→ **WORK REQUIRED**:
Restate the data below word for word. Leave the images out.
** Opening RAW DATA block **
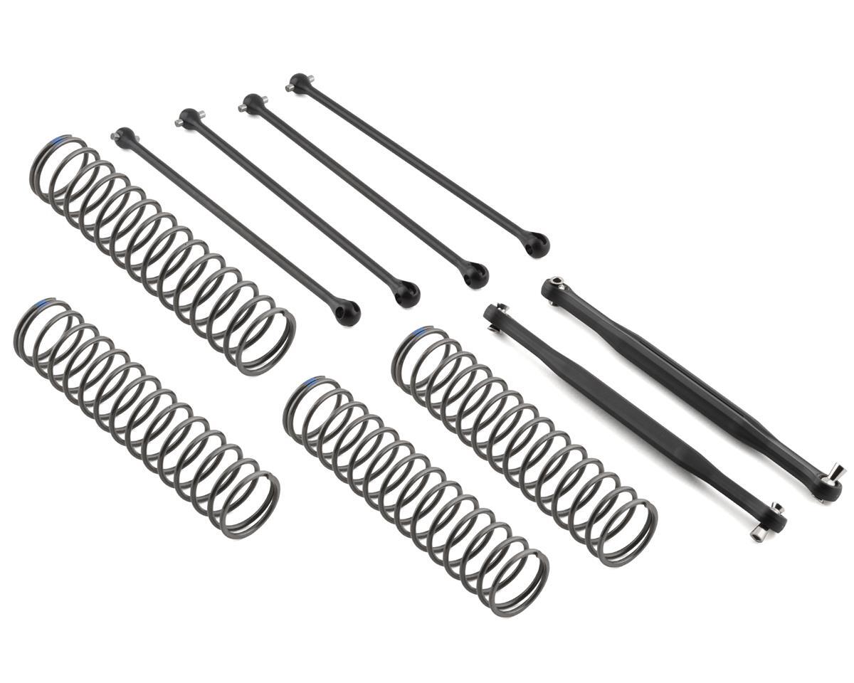 The Traxxas X-Maxx WideMaxx Suspension Kit builds on the X-Maxx’s legendary performance by widening the stance 60mm for even greater cornering stability. The X-Maxx WideMaxx kit includes extended versions of the extreme heavy-duty suspension arms. Molded from Traxxas' toughest composite material, these arms offer just enough flex to resist breaking, even in cold weather. Five different color options allow maximum customization of your X-Maxx. 1.346 rate shock springs replace the standard springs for optimal handing performance. Wider suspension links and steel driveshafts complete the package.
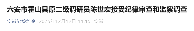 六安市霍山县原二级调研员陈世宏涉嫌严重违纪违法,目前正接受六安市纪委监委纪律审查和监察调查。(六安市纪委监委)
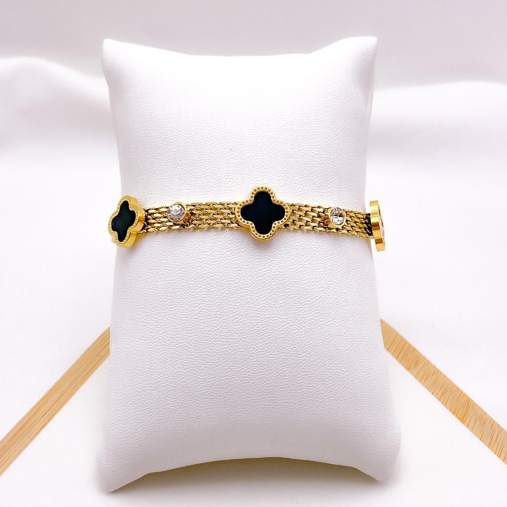 PULSEIRA AÇO INOXIDÁVEL PEDRA CRISTAL TREVO PRETO - DOURADA
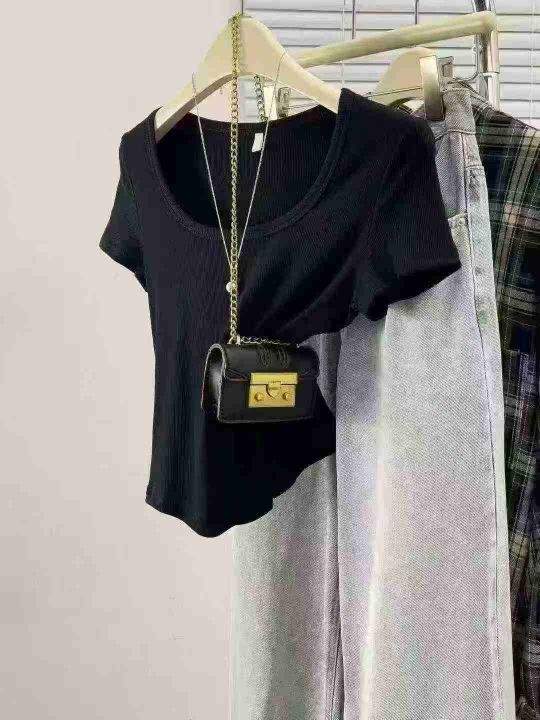 辣妹短袖T恤夏季正肩新款修身显瘦短款上衣,独立包装...
** Closing RAW DATA block **
→ **RESULT FOR THIS TASK**:
 The Traxxas X-Maxx WideMaxx Suspension Kit builds on the X-Maxx’s legendary performance by widening the stance 60mm for even greater cornering stability. The X-Maxx WideMaxx kit includes extended versions of the extreme heavy-duty suspension arms. Molded from Traxxas' toughest composite material, these arms offer just enough flex to resist breaking, even in cold weather. Five different color options allow maximum customization of your X-Maxx. 1.346 rate shock springs replace the standard springs for optimal handing performance. Wider suspension links and steel driveshafts complete the package.
 六安市霍山县原二级调研员陈世宏涉嫌严重违纪违法,目前正接受六安市纪委监委纪律审查和监察调查。(六安市纪委监委)
 PULSEIRA AÇO INOXIDÁVEL PEDRA CRISTAL TREVO PRETO - DOURADA
 辣妹短袖T恤夏季正肩新款修身显瘦短款上衣,独立包装...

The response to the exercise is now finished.